→ What is needed
Although the entries contain pictures, the copy should hold only their exact text.

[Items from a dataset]
========================================================================
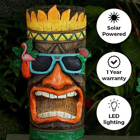 A striking garden solar ornament with vivid colours and an attention grabbing Tiki design, which is made to look as if it is ‘carved in wood’. This Tiki ornament even sports sunglasses with watermelon and a flamingo on! This Tiki ornament is an excellent way of adding colour and a lively atmosphere to any outdoor space. Perfect for lighting up darker corners of the garden or pathways.
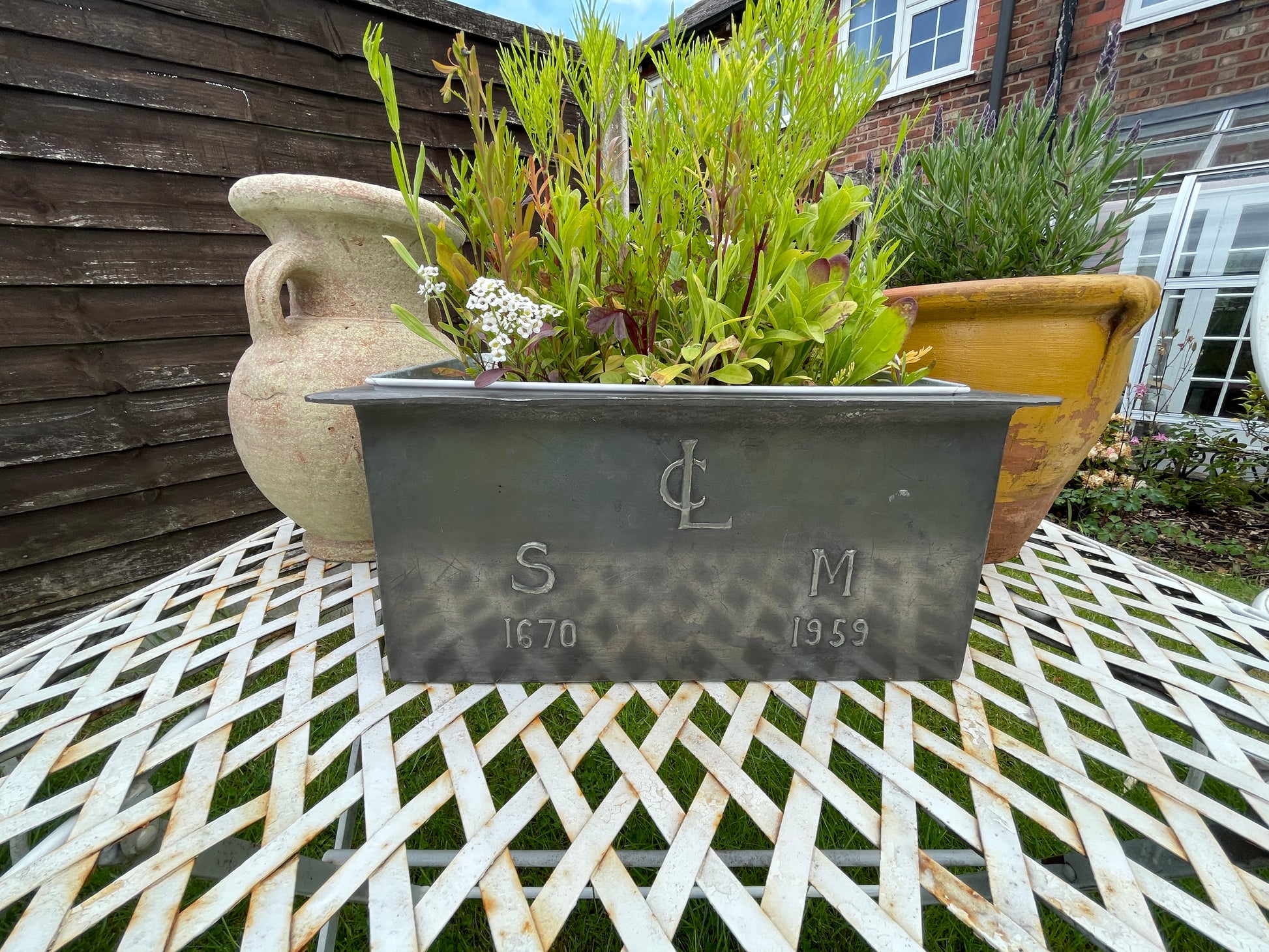 Add a touch of stately charm to your garden with this striking vintage lead planter, beautifully cast with commemorative markings. A timeless piece reminiscent of English country estates, this substantial trough features the dates 1670 and 1959, flanking the bold initials S and M, with a graceful intertwined CL (or LC) monogram at the center.
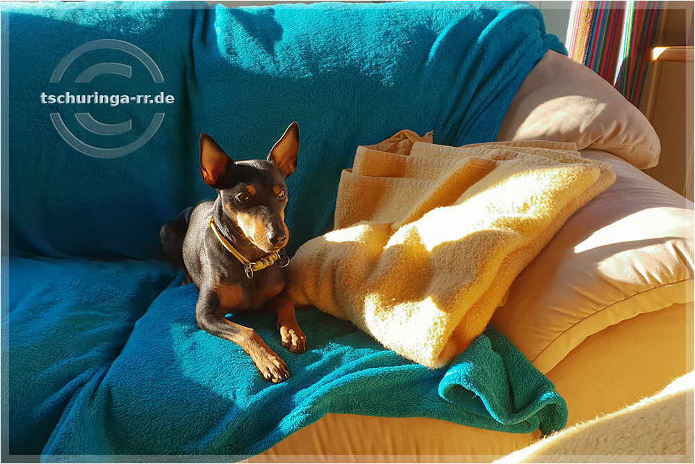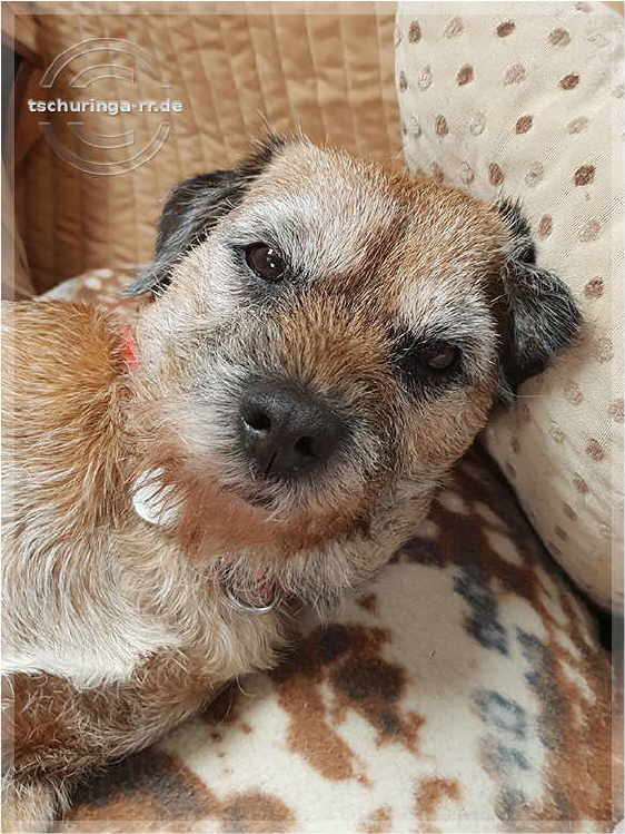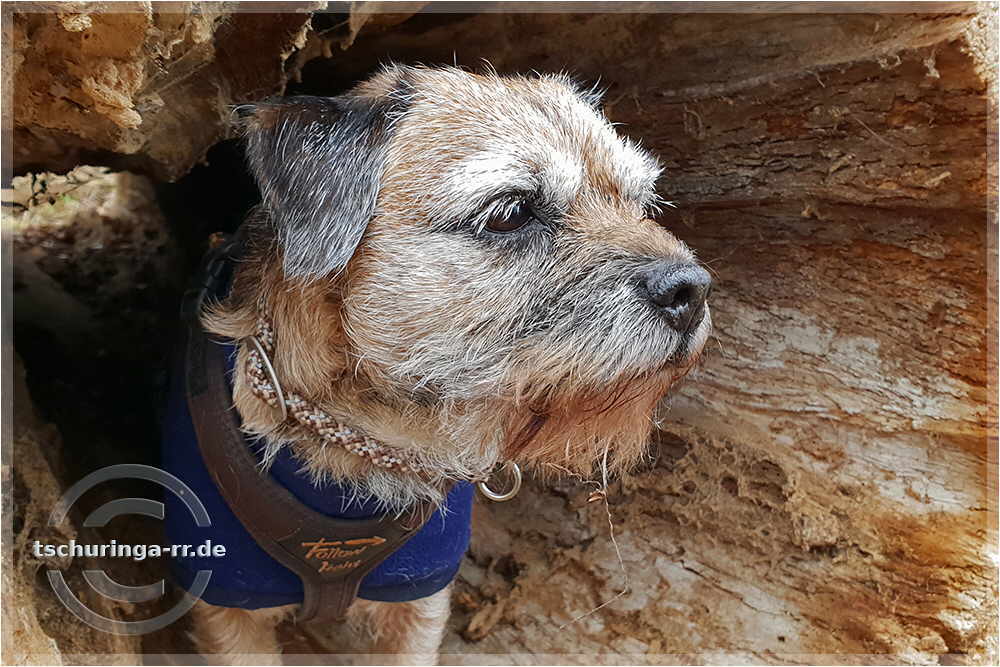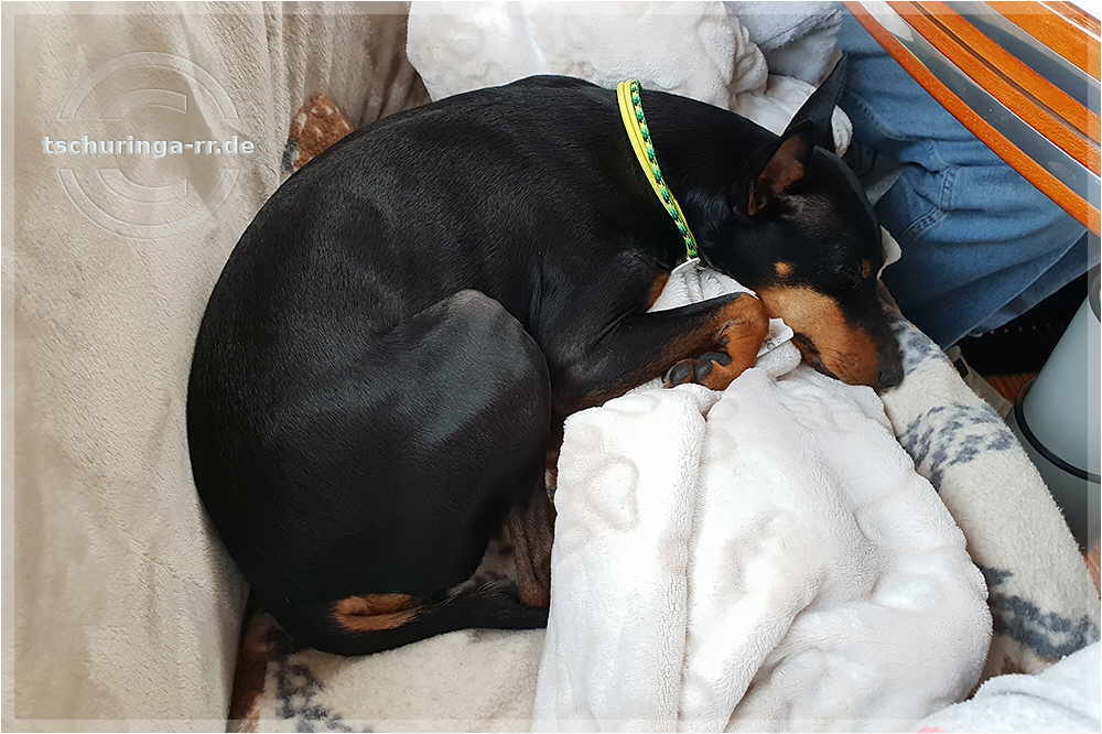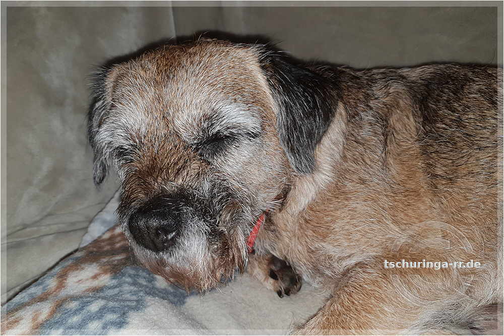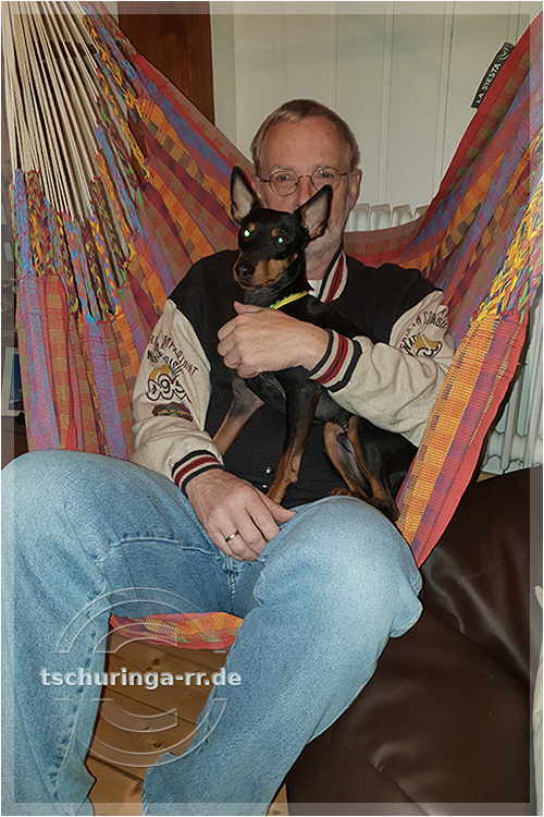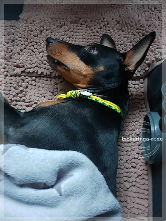 | Oh, meno, keine Fotos. Das grüne Auge war doch ein Versehen. | Lennox genießt nach der Wanderung die Ruhe bei Herrchen | ||
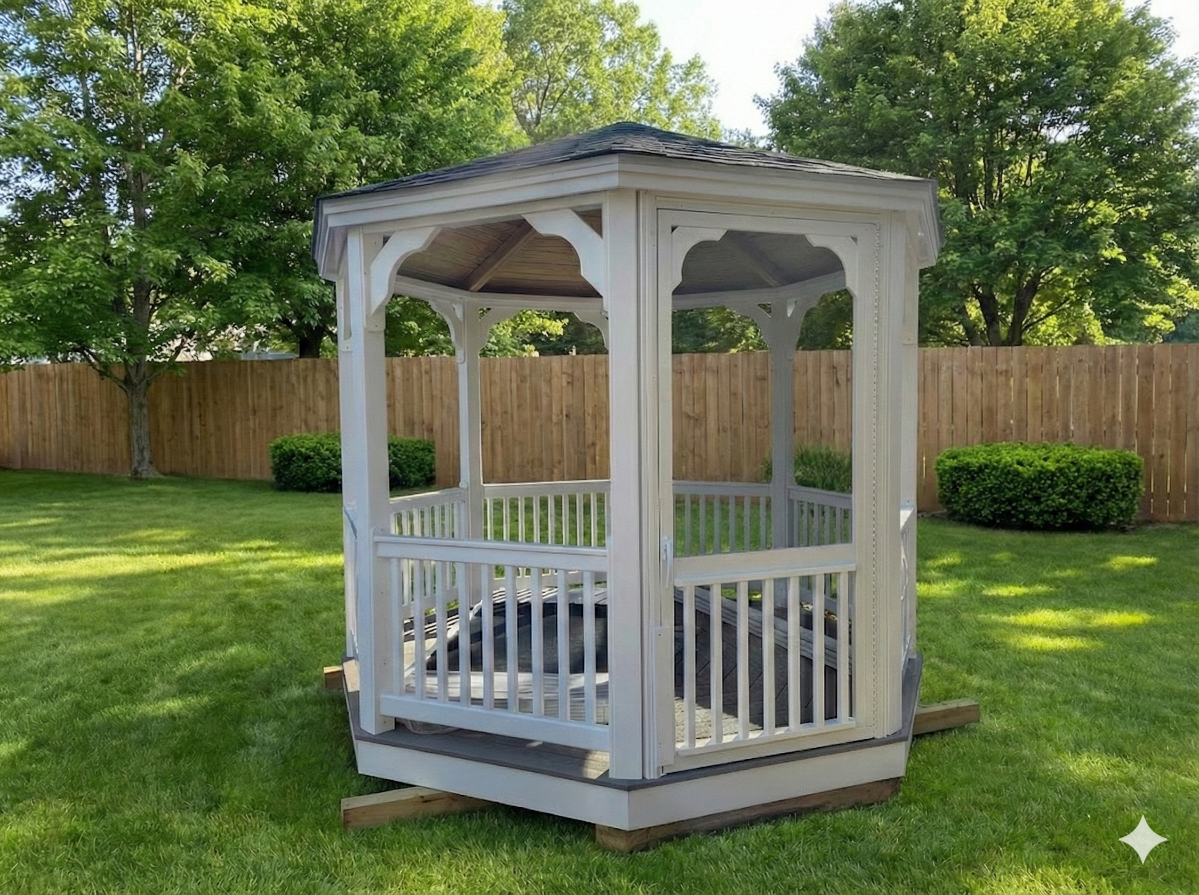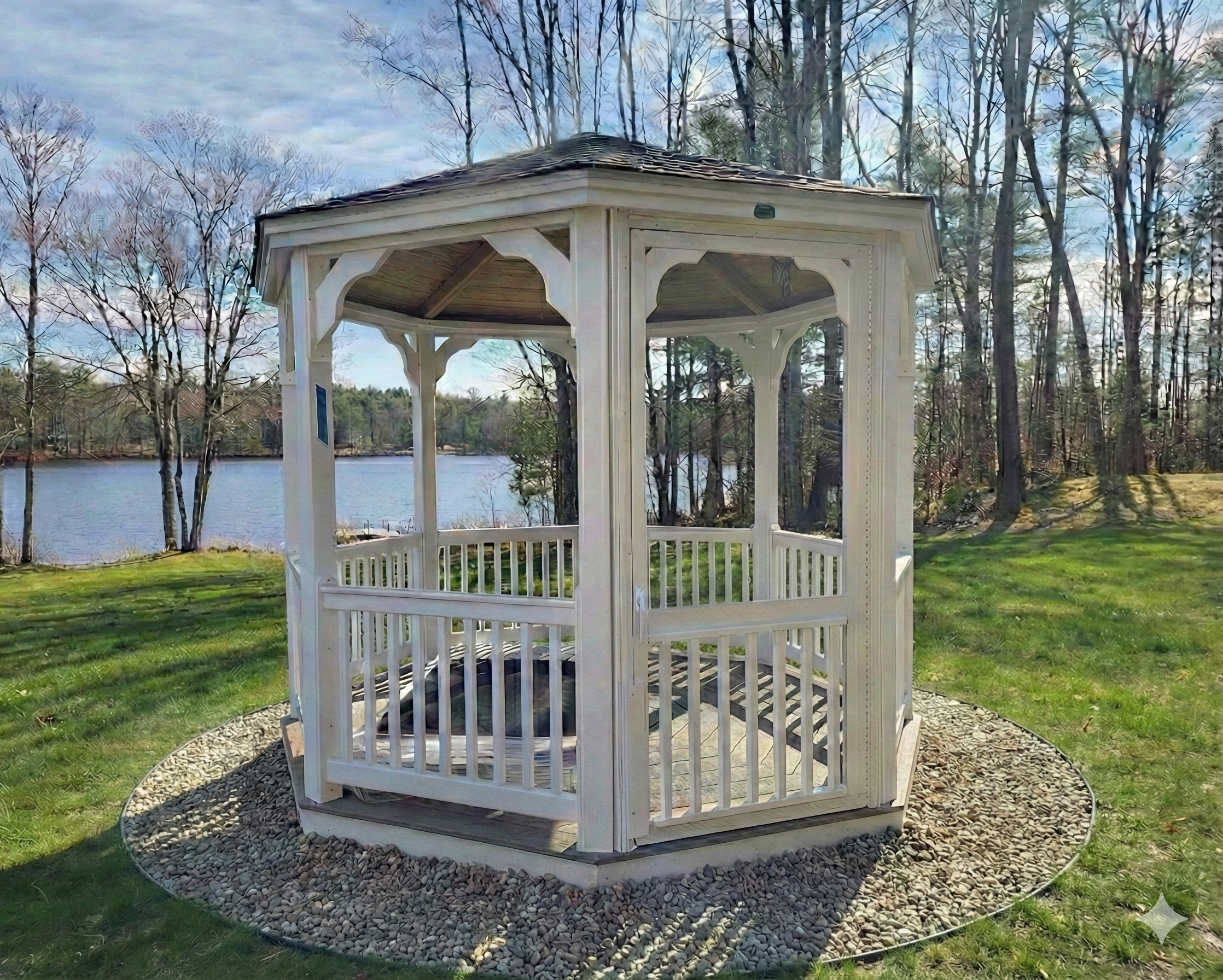 This 10′ gazebo offers screened protection from bugs, a durable lifetime architectural roof, and sturdy posts with composite flooring — perfect for outdoor relaxation and entertaining. Delivery across Maine brings this gazebo right to your back yard.
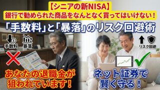 新NISA 【シニアの新NISA】銀行で勧められた商品をなんとなく買ってはいけない!「手数料」と「暴落」のリスク回避術 「お客様だけに特別なご案内です」 銀行の窓口でその言葉を聞いたら、すぐに耳をふさいでください!あなたの大切な退職金や老後... 2026.02.12 新NISA老後資金
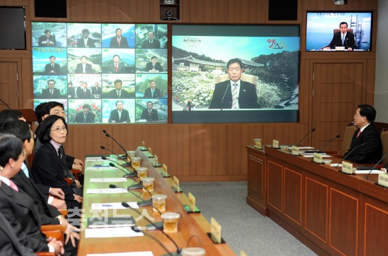 ▲ 이지사가 충남도내 시장 군수와 영상으로 새해 인사를 나누고 있다.
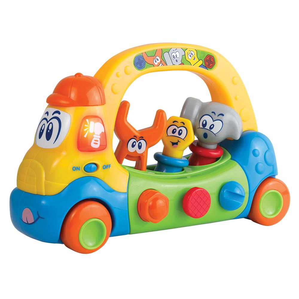 Cada momento será emocionantemente educativo con la Caja de Herramientas Musical de Baby Active. Llena de esparcimiento y aprendizaje, es el regalo idóneo para niños en crecimiento. Al presionar la parte superior de la cabecita se encenderá la luz y al usar el martillo, las pinzas o desarmador se activarán los sonidos, lo que estimula la imaginación y habilidades motoras. Además, con su asa transportadora, ¡tu pequeño podrá llevarla a todas partes!
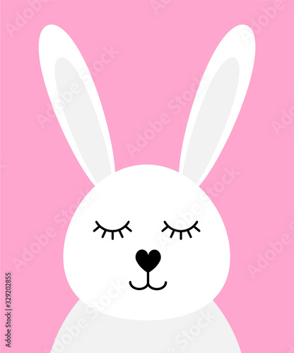 © Sweta, Fototapeta premium Vector flat cartoon white rabbit face head isolated on pink background
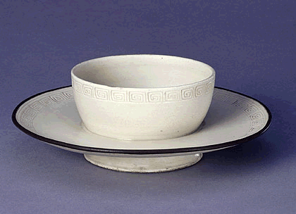 盏托上呈杯形,口沿无釉,托镶铜口,圈足外撇。里外施白釉,杯口与托口沿各饰回纹一周。
========================================================================
→ Finished exercise
 A striking garden solar ornament with vivid colours and an attention grabbing Tiki design, which is made to look as if it is ‘carved in wood’. This Tiki ornament even sports sunglasses with watermelon and a flamingo on! This Tiki ornament is an excellent way of adding colour and a lively atmosphere to any outdoor space. Perfect for lighting up darker corners of the garden or pathways.
 Add a touch of stately charm to your garden with this striking vintage lead planter, beautifully cast with commemorative markings. A timeless piece reminiscent of English country estates, this substantial trough features the dates 1670 and 1959, flanking the bold initials S and M, with a graceful intertwined CL (or LC) monogram at the center.
 | Oh, meno, keine Fotos. Das grüne Auge war doch ein Versehen. | Lennox genießt nach der Wanderung die Ruhe bei Herrchen | ||
 This 10′ gazebo offers screened protection from bugs, a durable lifetime architectural roof, and sturdy posts with composite flooring — perfect for outdoor relaxation and entertaining. Delivery across Maine brings this gazebo right to your back yard.
 新NISA 【シニアの新NISA】銀行で勧められた商品をなんとなく買ってはいけない!「手数料」と「暴落」のリスク回避術 「お客様だけに特別なご案内です」 銀行の窓口でその言葉を聞いたら、すぐに耳をふさいでください!あなたの大切な退職金や老後... 2026.02.12 新NISA老後資金
 ▲ 이지사가 충남도내 시장 군수와 영상으로 새해 인사를 나누고 있다.
 Cada momento será emocionantemente educativo con la Caja de Herramientas Musical de Baby Active. Llena de esparcimiento y aprendizaje, es el regalo idóneo para niños en crecimiento. Al presionar la parte superior de la cabecita se encenderá la luz y al usar el martillo, las pinzas o desarmador se activarán los sonidos, lo que estimula la imaginación y habilidades motoras. Además, con su asa transportadora, ¡tu pequeño podrá llevarla a todas partes!
 © Sweta, Fototapeta premium Vector flat cartoon white rabbit face head isolated on pink background
 盏托上呈杯形,口沿无釉,托镶铜口,圈足外撇。里外施白釉,杯口与托口沿各饰回纹一周。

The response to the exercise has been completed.